И Пенин с восторгом говорил о глухариных выводках, о Фомиче - какой отличный охотник, как знает лес, птицу и зверя, о Барине.
- Барин - мало сказать чутьист и старателен, он еще и ума палата. Он нашел выводок, а потом и другой. И как аккуратно облаивал! А когда подходишь, он азартнее, чтобы отвлечь внимание птицы. А пока один, лает редко - ам!,. ам!.. - и помолчит; и опять - ам! - значит, посадил на дерево, идите стреляйте. Молодец! Из первого выводка я взял пару молодых, а копалуху, конечно, не тронул. И, представьте, Фомич одобрил. Мы, говорит, от выводка матку не бьем! Он взял из того выводка тоже пару, меня сперва все посылал, а мне-то и двух хватит. Потом другой выводок нашли, я не стрелял, только любовался и Барином, и петушком. Тут уж Фомич ругался. «Кой леший, - говорит, - ты, Александр, с Москвы на охоту ехал, а чего же птицу не бьешь?» Строг Фомич! А мне как-то совестно стрелять сидячих. А я ему: что стрелять! Интересней смотреть, как умно работает собака! А подойдешь - видишь: сидит в сосне, в кроне, как бы бутылка с длинным горлышком, тебя разглядывает. Ну и совестно. А в общем совершенно чудесно, так чудесно! И тайга, и птица таежная, редкостная!

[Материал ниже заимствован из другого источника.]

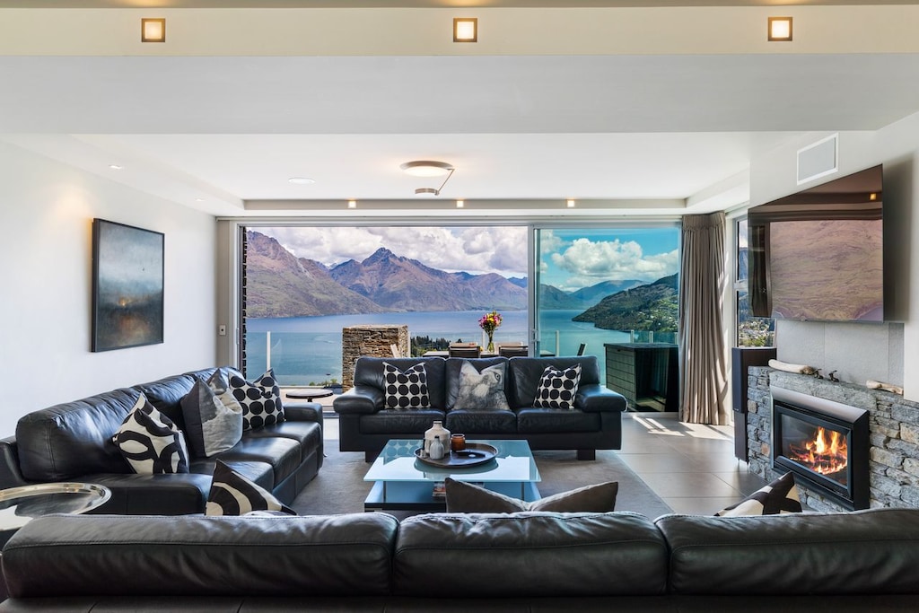 Expansive floor-to-ceiling windows provide uninterrupted vistas of Lake Wakatipu and the majestic surrounding mountains, while the open-plan design delivers a spacious and inviting atmosphere, which is perfect for families or groups of friends to unwind in style.
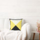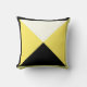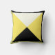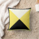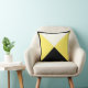 Contemporary Mojo pillow with four large, centred triangles in bright yellow, white, and black, bordered in black and tan. The reverse side is a flipped version of the front for continuity of the border colours.
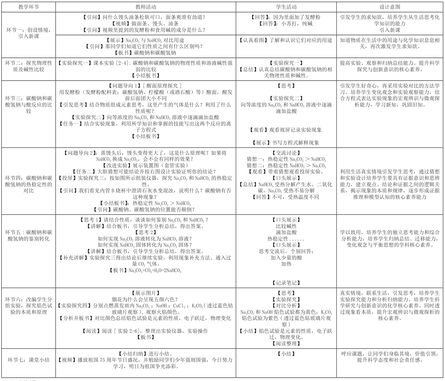 以“面条、馒头、油条的制作”创设情境,引入新课。以物质在生活中的用途对比,导出学习方法。再紧扣情境设计问题导向,进行对比实验,培养学生的实验能力、观察能力和归纳总结能力,提升科学探究与创新意识的核心素养,结合方程式表达实验现象的宏观辨识与微观探析能力 , 建立观点、结论和证据之间的逻辑关系,揭示现象的本质和规律,逐步形成证据推理和模型认知的核心素养能力。焰色试验直观验证“元素共性”,培养宏观辨识与微观探析的核心素养。节日盛况,呼应课题,价值引领,提升学生的科学态度和社会责任感。
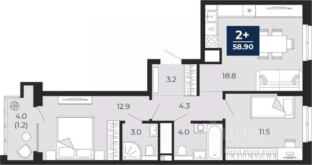 Квартира с кухней-гостиной и двумя спальнями в кварталах "На Минской". Особенности планировки: гардеробная, панорамное остекление, лоджия, разнесённые спальни, предчистовая отделка, мастер-спальня.
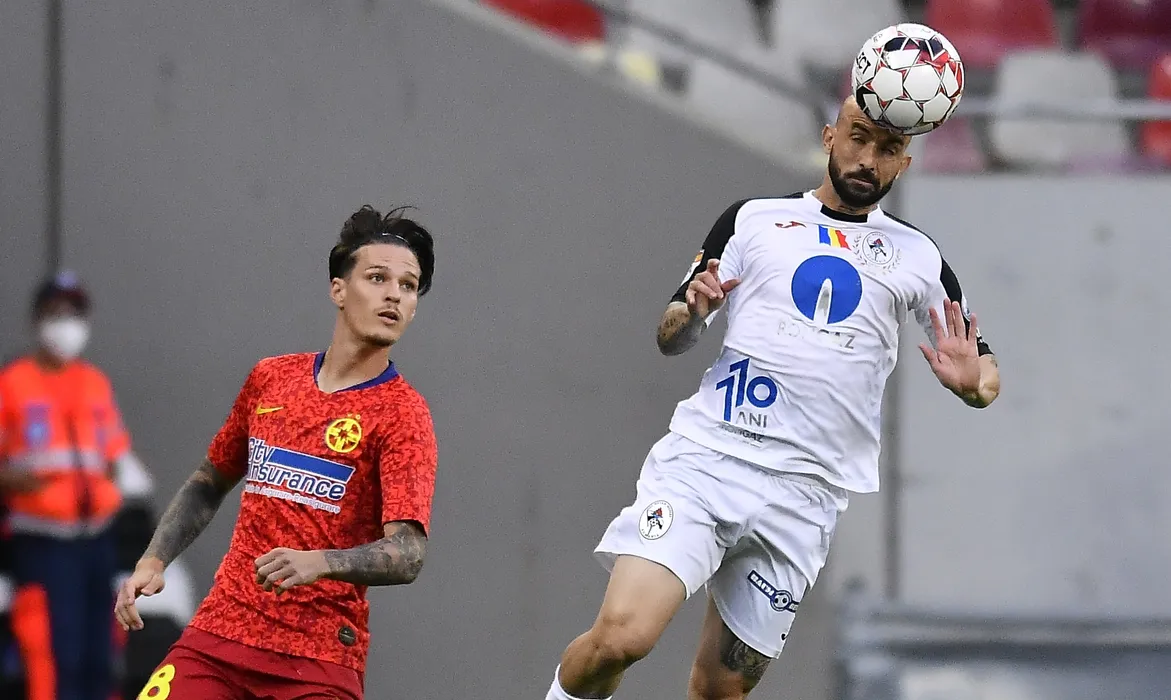 Dennis Man si Gabriel Rodrigues De Moura in meciul de fotbal dintre FCSB si Gaz Metan Medias, contand pentru play-off-ul Ligii 1 Casa Pariurilor, disputat fara spectatori pe Arena Nationala din Bucuresti, duminica 21 iunie 2020. © FOTO:Razvan Pasarica/SPORT PICTURES
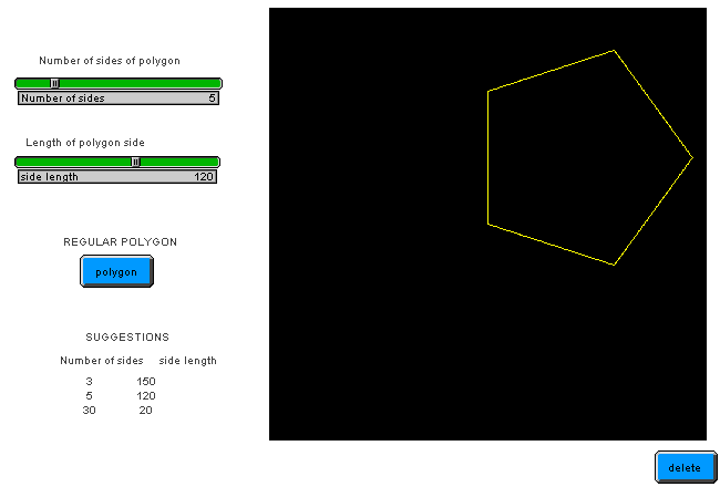 EXAMPLE 1: Construction of regular polygons. We can choose the number of sides as well as their lengths using the arrows (green bars with sliders)
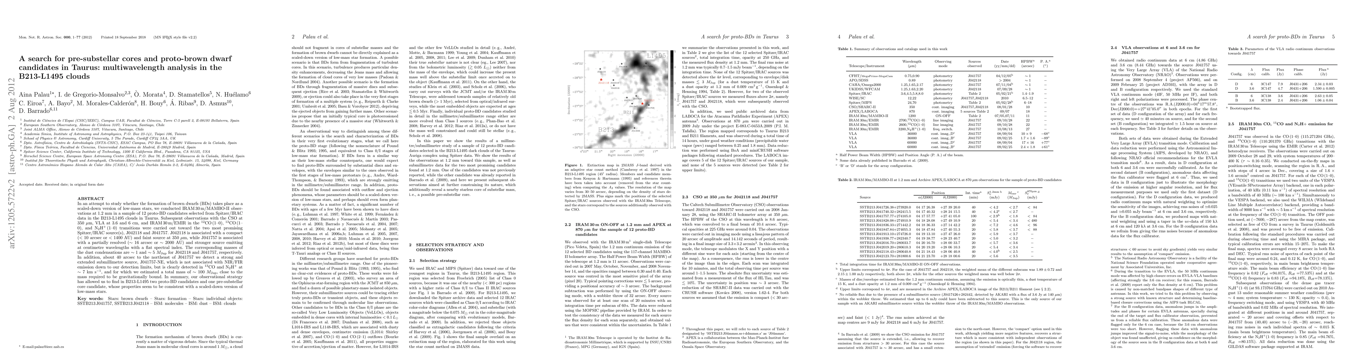 In an attempt to study whether the formation of brown dwarfs (BDs) takes place as a scaled-down version of low-mass stars, we conducted IRAM30m/MAMBO-II observations at 1.2 mm in a sample of 12 proto-BD candidates selected from Spitzer/IRAC data in the B213-L1495 clouds in Taurus. Subsequent observations with the CSO at 350 micron, VLA at 3.6 and 6 cm, and IRAM30m/EMIR in the 12CO(1-0), 13CO(1-0), and N2H+(1-0) transitions were carried out toward the two most promising Spitzer/IRAC source(s), J042118 and J041757. J042118 is associated with a compact (<10 arcsec or <1400 AU) and faint source at 350 micron, while J041757 is associated with a partially resolved (~16 arcsec or ~2000 AU) and stronger source emitting at centimetre wavelengths with a flat spectral index. The corresponding masses of the dust condensations are ~1 and ~5 Mjup for J042118 and J041757, respectively. In addition, about 40 arcsec to the northeast of J041757 we detect a strong and extended submillimetre source, J041757-NE, which is not associated with NIR/FIR emission down to our detection limits, but is clearly detected in 13CO and N2H+ at ~7 km/s, and for which we estimated a total mass of ~100 Mjup, close to the mass required to be gravitationally bound. In summary, our observational strategy has allowed us to find in B213-L1495 two proto-BD candidates and one pre-substellar core candidate, whose properties seem to be consistent with a scaled-down version of low-mass stars.
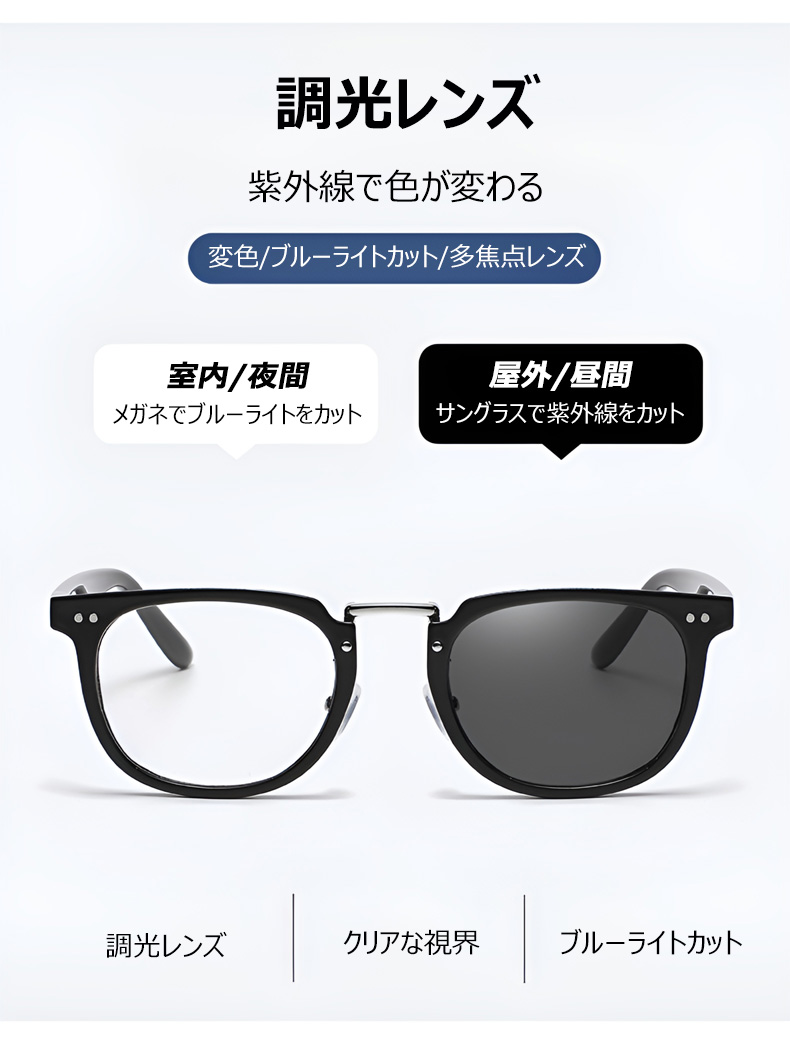 【1本3役・遠近両用】Eterlens 老眼鏡 おしゃれ 調光レンズ | 累進多焦点サングラス | 室内外兼用・ベストセラー
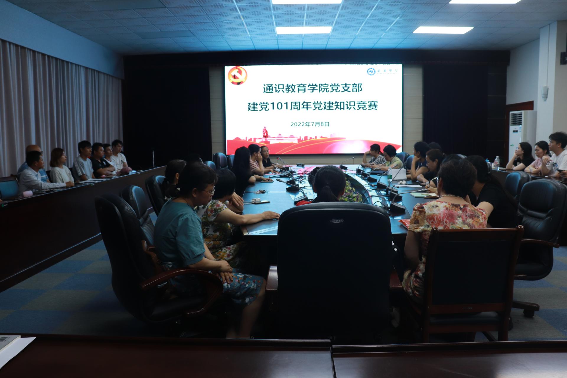 为庆祝中国共产党成立101周年,重温党的光辉历程,2022年7月8日下午,通识教育学院党支部在大学生活动中心302会议室举办建党101周年党建知识竞赛暨党支部主题党日活动,活动由党支部书记黄瓅教授主持,学院全体教师参加了竞赛。

Я не удивлялся восторженности Ленина. Уж очень силен был контраст между московским кабинетом главбуха и дикой красой великих лесов Севера, поражающих и мощью, и какой-то первозданной свежестью. Да ведь Пенин и сам-то был человеком очень живым, отзывчивым на красоту.
Назавтра Александр Иванович, конечно, на охоту не пошел - отлеживался. Устал до крайности. Ноги болели,, едва мог передвигаться. Насмехался он над собой «калекой» на все лады. Но мне нет-нет да и казалась за острогами горечь в душе мужественного человека, прячущего ее за смешками. Стараясь быть веселым, он перечислял мне все:
- Вы подумайте! Валеж, кочки, корни, болотины, трухлявые «диваны», покрытые моховым ковром, - это сгнивший валеж, сядешь - и провалишься!
Подробно объяснял, а мне забавно - неужели я всего этого не знаю?
Лежал Ленин два дня. Это было, конечно, естественно: до горя засиделся человек! Но лежать не вставая я ему не позволял. Правда, некогда было особенно-то ухаживать: вот к дорожнику ходил километров за пятнадцать, и ладно еще, что на половину расстояния была тропа, а то и не вернуться бы за день. Пришел часов в пять и потащил друга гулять по реке, глядеть, как ходят поверху крупные голавли. И конечно, его радовали красивые сильные рыбины. А искупаться-то как хорошо! Спалось Пенину после этрго славно. Проснулся он как-то раз на утренней заре и ахнул, увидев меня готовым в путь и оседланную Метку у крыльца.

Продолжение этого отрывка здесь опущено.